Table 5 also compares the performances of the risk prediction models to the inclusion criteria used in screening trials (NELSON/LUSI, DLCST, ITALUNG, and NLST). In particular, the PLCOM2012 model performed systematically better than, or at least as well as, the various eligibility criteria used in trials thus far, whereas the performance of the Spitz model was the worst in all comparisons. For example, among 3,409 high-risk subjects as identified with the NELSON/LUSI criterion, 58 of the 92 lung cancer cases were diagnosed in the first 5 years of follow-up, whereas given the same size, the high-risk group identified with the PLCOM2012 model contained 12 more lung cancer cases than the one identified with the Spitz model (61 vs. 49). Likewise, in comparison with the ITALUNG criterion (2,170 classified high-risk; 51 cases identified), PLCOM2012 identified 55 cases and the model by Spitz only 41. At any fixed size for the high-risk subset, PLCOM2012 was the model showing the highest sensitivity and PPV and lowest cNPV, whereas the Spitz model always led to the lowest sensitivity and PPV and highest cNPV, and the other models had intermediate performances.
Figure 1A compares the net benefits obtained from screening high-risk subsets identified via different selection approaches, including two extreme strategies: “screen-all” (indicated by the gray line) and “screen-none” (represented by the x-axis). The line for the screen-all strategy crosses the x-axis at the risk threshold (pt) that corresponds to the disease incidence of the cohort (20). In the present study, this threshold was 0.46%, which indicated a failure of the screen-all strategy when the expected benefit from selecting a single true positive for screening is deemed to weigh less than 216 times the potential harms due to selecting a false positive for screening [L/P = 0.0046/(1-0.0046) = 1/216]. For risk thresholds greater than 0.18% (DLCST, corresponding to an L/P > 1/554) to 0.26% (NLST, corresponding to an L/P > 1/384), the binary eligibility criteria were superior to the screen-all strategy. However, as compared with the screen-none strategy, in Fig. 1A represented by the x-axis, the trial eligibility criteria showed greater net benefit only for risk thresholds up to 1.76% (NELSON/LUSI; L/P = 1/56) to 3.04% (NLST; L/P = 1/32). Regarding the prediction models, compared with both the screen-all or screen-none strategies, all models except that of Spitz showed greater net benefit up over the full range of risk thresholds, and they performed generally as well as or better than each of the binary eligibility criteria. For the Spitz model, the net benefit became negative when the threshold was above 0.65% (L/P = 1/153). After dividing the risk estimates by a factor of 3.75; however, the Spitz model also showed positive net benefits for all risk thresholds, although its performance in decision curve analysis remained inferior to that of the other models. Figure 1B shows the cumulative probability plots for the absolute 5-year risk estimates from each of the four risk prediction models. It is worth noting that for the well-calibrated models (all but the Spitz model), the maximum 5-year absolute risk estimate in our cohort was about 7%.
Net benefits obtained from different selection approaches (A) and the cumulative distribution of 5-year absolute risk estimates (B).
Net benefits obtained from different selection approaches (A) and the cumulative distribution of 5-year absolute risk estimates (B).
Discussion
In this German study population, we found that the eligibility criteria used in various lung cancer screening trials and lung cancer risk prediction models overall had broadly similar accuracy in identifying high-risk populations for screening, although some performed marginally better than the others. Nonetheless, decision curve analyses indicated that well-validated lung cancer risk prediction models may have broader clinical utility than the binary classifiers, given the generally more comprehensive ranges of risk thresholds for which these models showed a positive net benefit.

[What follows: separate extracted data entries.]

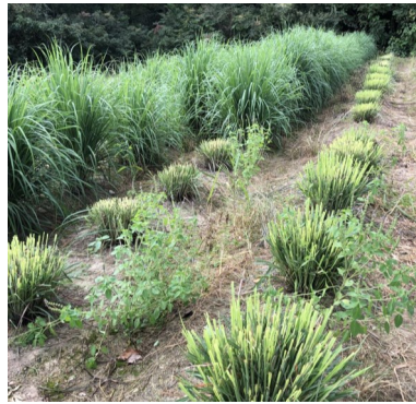
大きく育つレモングラス

今年もレモングラスの収穫時期になりました。今年は大株で元気に育ってくれています。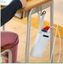
『学校向けリン酸鉄モバイルバッテリー』 エレコム株式会社 【大阪府】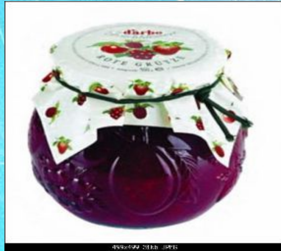
A jar of jam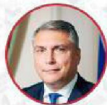
МАТОВНИКОВ АЛЕКСАНДР АНАТОЛЬЕВИЧ

Полномочный представитель президента РФ в СКФО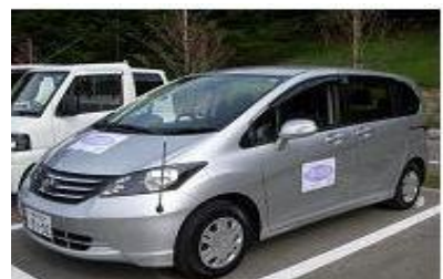
すみれ墓苑送迎車(最大6名乗車可能です)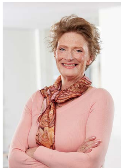
Alida Oppers Inspecteur-generaal van het Onderwijs

In De Staat van het Onderwijs schrijven we elk jaar over de kwaliteit van het onderwijs in Nederland. In dit jaarverslag verantwoorden we ons eigen werk in het afgelopen jaar. Dit doen we in de vorm van een beschrijving van de grote ontwikkelingen in ons toezicht, een overzicht van onze stelselonderzoeken en aantallen onderzoeken bij scholen en opleidingen en besturen.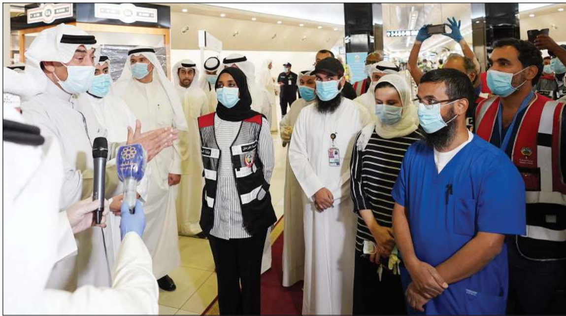
سمو الشيخ صباح الخالد متابعاً سير العمل في المرحلة الأخيرة من إجلاء مواطنينا بالخارج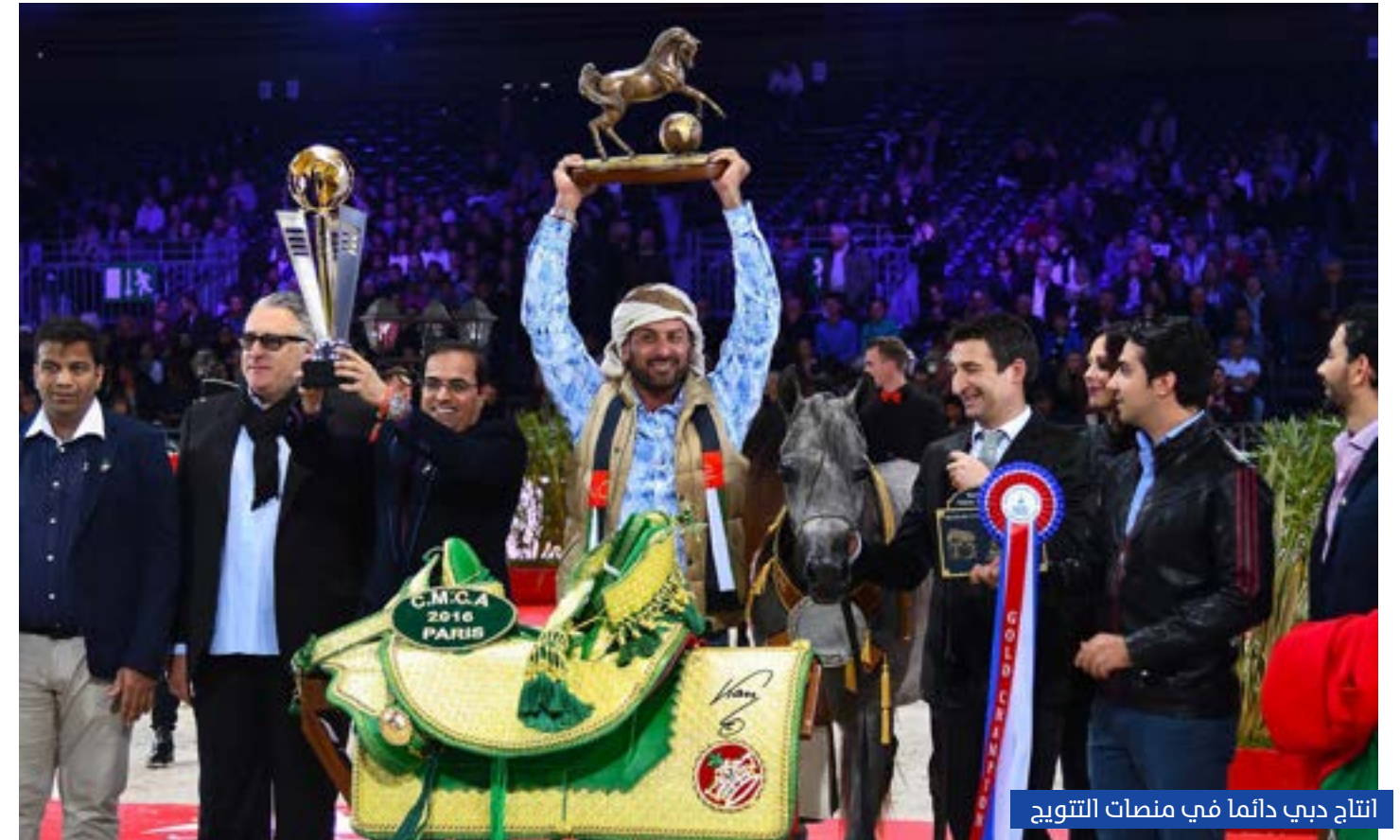
إنتاج دبي دائماً في منصات التتويج

وأكد أن هذه المكرمة تمثل امتداداً لنهج سموه في دعم قطاع الخيل العربية، مشيراً إلى أن نجاح أي مربط لا يكتمل إلا بانعكاس أثره الإيجابي على عموم الملاك والمربين، بما يسهم في بناء قاعدة إنتاجية وطنية قوية ومستدامة.

Applying the eligibility criteria of different lung cancer screening trials to our study population resulted in substantial variability in the number of high-risk subjects identified. One major reason for this variability is that the criteria covered different age ranges. Our data document that extending the age range to include younger persons (as with the NELSON/LUSI and DLCST criteria, in comparison with DANTE and NLST) increases sensitivity at the cost of a substantial reduction in specificity and PPV. Apart from age, a smaller part of the variability between the high-risk subsets was due to differences in the way smoking history was accounted for. Although the criteria used in DANTE and NLST, in particular, identified two largely overlapping high-risk groups of similar size (Supplementary Fig. S1), the former contained six fewer lung cancers than the latter (36 vs. 42, out of 92). Thus, compared with NLST, the DANTE criterion appeared to be less accurate for selecting high-risk subjects, and most likely this is explained by the inclusion of long-term quitters. Of all eligibility criteria tested, the NLST criterion resulted in the best risk stratification, and it presently is also the eligibility criterion most referred to in screening recommendations, motivated by the positive findings of the NLST trial.

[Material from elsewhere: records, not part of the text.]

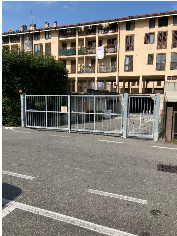
Foto n. 1: Prospetto su via Mazzini e accesso al piano primo interrato.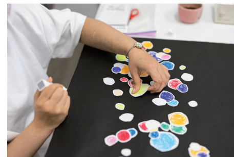
様々な表現手法を積極的に取り入れてきた吉岡さつきさん (上)ロックやクラシックなどの音楽を聴きながらこんこんと湧きだす創作アイデアを即興的に表現した作品。同シリーズのキャラクターを縫いぐるみにした立体作品もある (下)様々な色を黒い画面上に散らばせてそのリズムミカルな動きを楽しみながら制作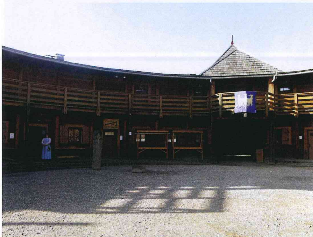
Spółdzielnia socjalna GRÓD

W ramach działań o charakterze środowiskowym zorganizowano wyjazd studyjny dla 54 osób niepełnosprawnych wraz z opiekunami do spółdzielni socjalnej „Gród” w Biskupicach.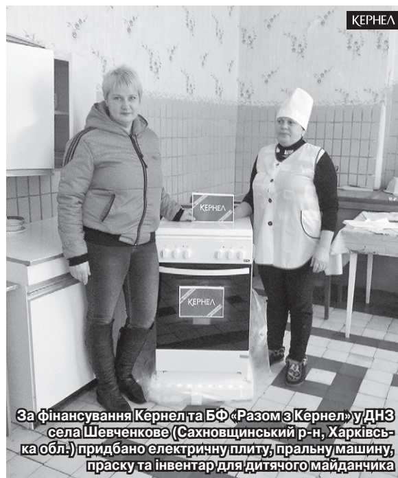
За фінансування Кернел та БФ «Разом з Кернел» у ДНЗ села Шевченкове (Сахновщинський р-н, Харківська обл.) придбано електричну плиту, пральну машину, праску та інвентар для дитячого майданчика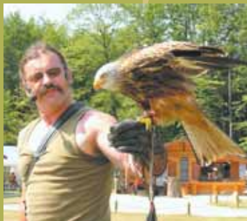
Vaut le détour: démonstration à la fauconnerie

Dans la « halle de la jungle », vous trouverez des pythons, des caïmans, des varans, ainsi qu'un grand nombre de poissons exotiques en aquarium, dont des poissons arc-en-ciel ou des piranhas. Dans l'aquarium marin trouverez-vous aussi des poissons clowns multicolores.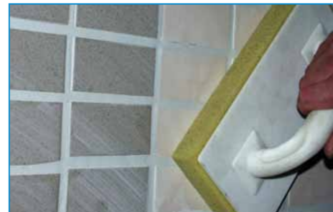
A lemosószivacsot enyhe nyomással húzzuk végig a felületen.

Contrary to the binary eligibility criteria, the risk prediction models allow the identification of individuals reaching a minimum risk threshold in a multivariable fashion without setting predefined age limits. Apart from smoking, each of the models included additional risk variables, such as previous or existing lung disease (COPD, pneumonia), exposures to dust or asbestos, and family history of cancer (general, or for lung cancer specifically). As in our data, a large part of these latter variables were missing; however, differences in discrimination performance observed in our study were essentially determined by the way in which smoking history was modeled as a multidimensional exposure. The PLCOM2012 and Bach models showed modestly higher discriminatory power compared with the Spitz and LLP models. This may be explained by the fact that the PLCOM2012 and Bach models include separate variables for cigarettes smoked per day, smoking duration, and duration of cessation, whereas the Spitz model only take into account pack-years and age at cessation and the LLP model only included smoking duration without considering intensity. Furthermore, the PLCOM2012 and Bach models, both account for the nonlinear effect of smoking intensity (cigarettes per day). Several independent studies have shown a significantly better model fit for lung cancer risk models that consider smoking intensity and duration separately, and that account for nonlinearity with smoking intensity, as compared with models based on intensity, duration, or their product (pack-years) alone (28–30).
An analysis within the U.S. PLCO cohort showed that the PLCOM2012 model, compared with the NLST selection criterion, identified about 12% more lung cancers and improved the sensitivity from 71.1% to 83.0% and PPV from 3.4% to 4.0% without losing specificity (18). In our analyses, the PLCOM2012 model also performed better than the NLST criterion, with four additional lung cancer cases (46 vs. 42) out of 92 identified at equal size of the group at risk. Furthermore, in the PLCO cohort and in our data, the PLCOM2012 model showed similarly good discrimination (a C-index of 0.81 for both cohort studies), although absolute risk distributions differed substantially between PLCO and our data (in the PLCO study 38% of subjects met the NLST criterion, whereas only 7% of the subjects in our study did).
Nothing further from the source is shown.